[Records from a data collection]
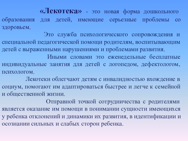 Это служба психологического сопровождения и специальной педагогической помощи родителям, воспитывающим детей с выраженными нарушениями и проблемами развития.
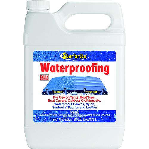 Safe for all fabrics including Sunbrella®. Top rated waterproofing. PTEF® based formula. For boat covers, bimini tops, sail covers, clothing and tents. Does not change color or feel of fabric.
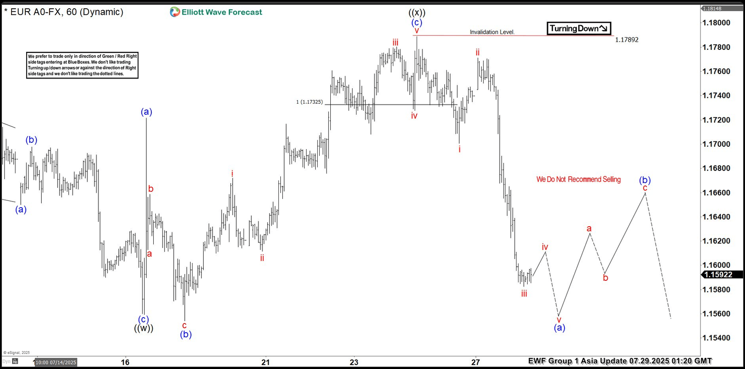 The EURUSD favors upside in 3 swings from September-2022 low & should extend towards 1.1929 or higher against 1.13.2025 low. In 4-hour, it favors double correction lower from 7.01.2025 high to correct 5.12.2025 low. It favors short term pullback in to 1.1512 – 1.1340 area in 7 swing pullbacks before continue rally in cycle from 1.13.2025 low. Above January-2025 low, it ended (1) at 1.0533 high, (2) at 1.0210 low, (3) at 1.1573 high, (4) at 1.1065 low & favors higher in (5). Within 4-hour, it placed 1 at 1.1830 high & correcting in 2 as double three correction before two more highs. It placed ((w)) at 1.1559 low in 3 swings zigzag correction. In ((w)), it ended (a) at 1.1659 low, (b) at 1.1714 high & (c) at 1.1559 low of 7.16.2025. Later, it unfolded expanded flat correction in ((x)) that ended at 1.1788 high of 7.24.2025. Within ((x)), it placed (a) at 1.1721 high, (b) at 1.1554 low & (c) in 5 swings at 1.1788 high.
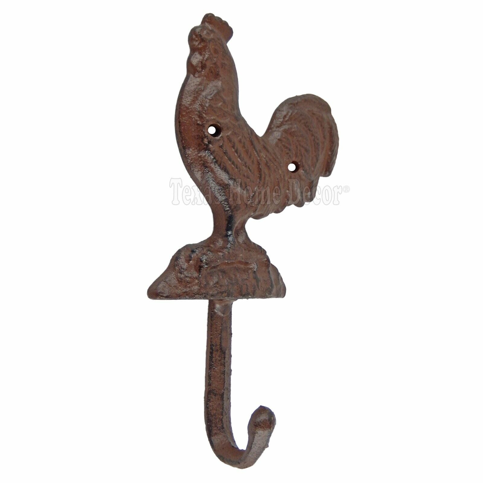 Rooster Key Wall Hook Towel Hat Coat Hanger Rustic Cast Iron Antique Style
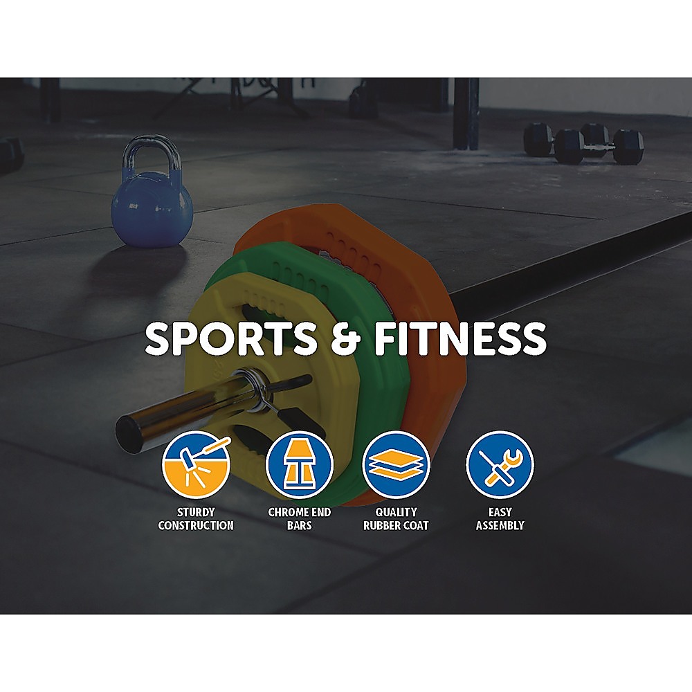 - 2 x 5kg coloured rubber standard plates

» **ACTION ITEM**: Only the lines from the start of the records to the one containing "Safe for all" should be repeated, exactly and with both ends kept; drop any pictures.

» **SOLVED EXERCISE**:
 Это служба психологического сопровождения и специальной педагогической помощи родителям, воспитывающим детей с выраженными нарушениями и проблемами развития.
 Safe for all fabrics including Sunbrella®. Top rated waterproofing. PTEF® based formula. For boat covers, bimini tops, sail covers, clothing and tents. Does not change color or feel of fabric.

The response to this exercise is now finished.